Renewable Fuels

Corporations taking interest in renewable energy sources

Consumers are the influencers who ultimately drive the decision-making process of large companies – and not just in terms of what products companies are selling. In fact, consumers are more inclined to pay for the ‘experience’ of their purchase which involves all of the social and economical choices a company makes. Thus, as the push for greener energy sources consumes industrial nations worldwide, it’s no surprise that the companies who are taking note are more likely to see their efforts rewarded with the loyalty of their customers.

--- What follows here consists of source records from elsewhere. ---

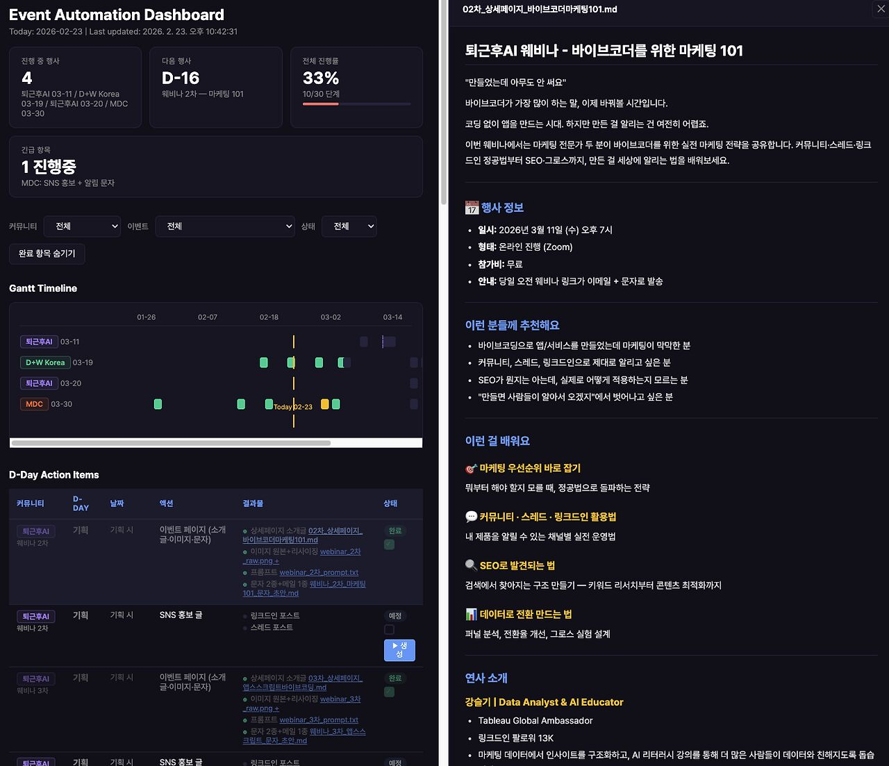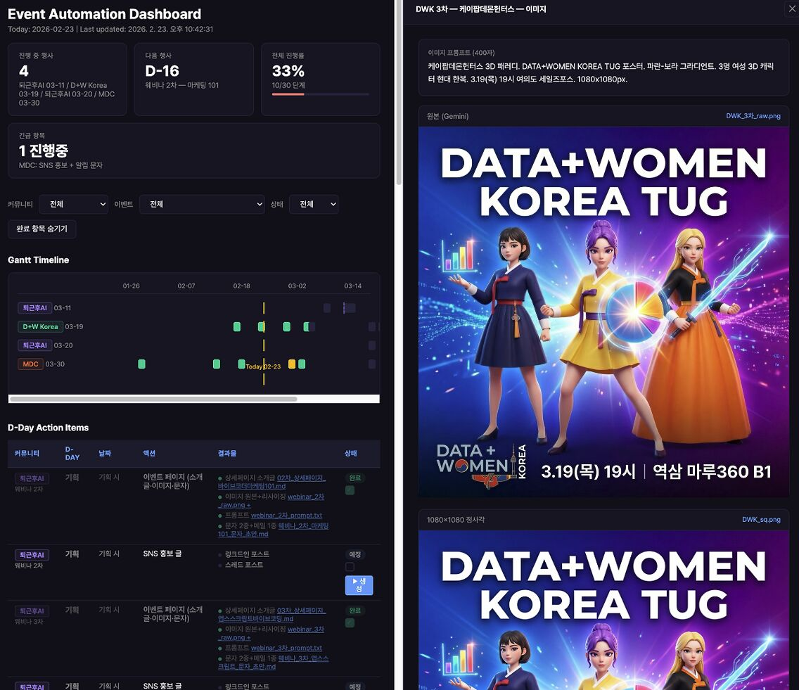큰 맘 먹고 제가 운영 중인 커뮤니티 3개(마케팅데이터커넥트, 퇴근후AI, DATA+WOMEN KOREA)의 운영 업무를 통째로 자동화해봤습니다.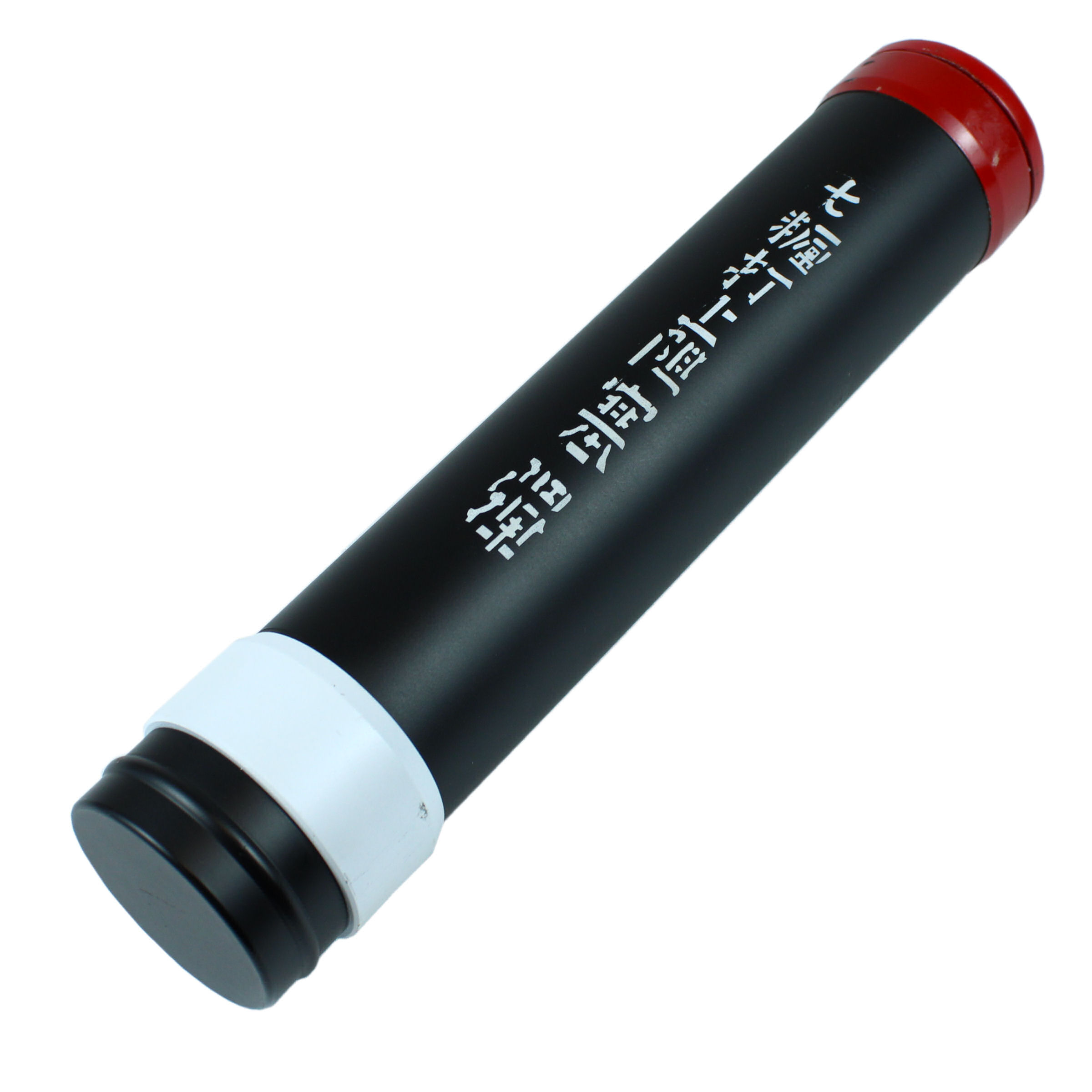 Replika japońskiego moździerzowego pocisku przeciwlotniczego. Replika wykonana ze stali w formie pustego cylindra, z przyklejonym czubkiem wykonanym z drewna. Denko jak i wieko jest odkręcane.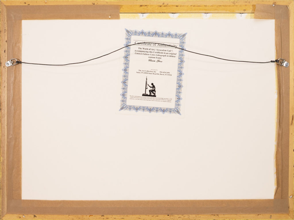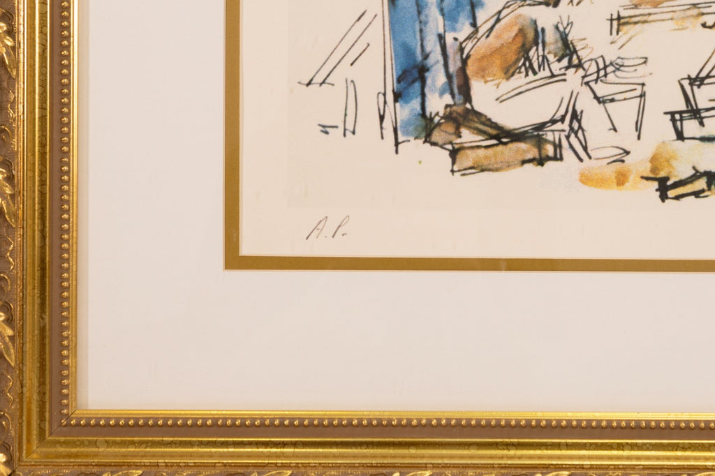 An expressive color lithograph on paper titled "Jerusalem Cafe" by Chaim Gross. Hand signed in pencil on the lower right with an AP annotation on the lower left. The composition depicts an animated street scene with open cafe doors revealing patrons in conversation, framed by vibrant architectural details in rich reds and blues. Loose, gestural linework combined with washes of color evoke the warmth and vitality of everyday life in Jerusalem. From a private collection. Dimensions: 27"h x 36"w x 1.5"d (framed). In very good vintage condition. Full condition reports are available upon request.

Oil refiners are soon to feel the pressures of the demand for a reduction in carbon footprints from large companies and industry leaders within the coming years.

Most companies rely on fuel in some form for either product creation or distribution. For some, this reliance is much more impactful than for others. For instance, delivery services such as United Parcel Service (UPS) are centered around their ability to quickly distribute a multitude of goods from factory or warehouse to the consumer. The result is a heavy reliance on fuels to keep their company mobile.

Conventional gasoline and diesel have reigned supreme for decades as the choice fuel for many of these mobile companies (and even companies with less reliance on fuel for transportation). As newer generations who have taken an interest in environmental sustainability start filling the ranks as the largest group of consumers, the pressure is on for companies to truly start investing time, effort and even money in the procurement of long-term renewable energy resources such as natural gas, electricity and biofuels.

And these companies aren’t just ‘talking the talk’. UPS just announced that it would buy as much as 46 million gallons of renewable diesel over the next three years, effectively helping to displace 12% of petroleum-­based fuels in its ground fleet by 2017. And by 2020, UPS plans to double its goal of a 20% reduction in greenhouse gas emissions.

Even companies with a secondary focus on distribution services are making pledges to reduce emissions by incorporating alternative fuel sources. Last week, 13 U.S.-based corporations signed the government’s American Business Act on Climate Pledge. The White House said the campaign would add USD 140 billion in low-carbon investments. These companies include: Alcoa, Apple, Bank of America, Berkshire Hathaway Energy, Cargill, Coca-Cola, General Motors, Goldman Sachs, Google, Microsoft, PepsiCo, UPS and Walmart.

Coca-Cola plans to reduce its greenhouse gas emissions and reduce its carbon footprint by 25% by the year 2020. And PepsiCo will continue to reduce their emissions through the use of electric, hybrid, compressed natural gas, alternative fuel vehicles and other fuel efficiency programs.

Even the aviation industry is taking a chunk out of the biofuel industry with United Airlines recently announcing a USD 30 million investment in aviation biofuels.

While renewable diesel still tends to flank the rear in terms of its popularity in the renewable resources category, the market is growing quickly – in part due to the increase in aviation biofuels. In the coming years, more companies are likely to follow suit and invest more efforts as well in renewable energy resources like natural gas, electricity, biofuels and renewable diesel.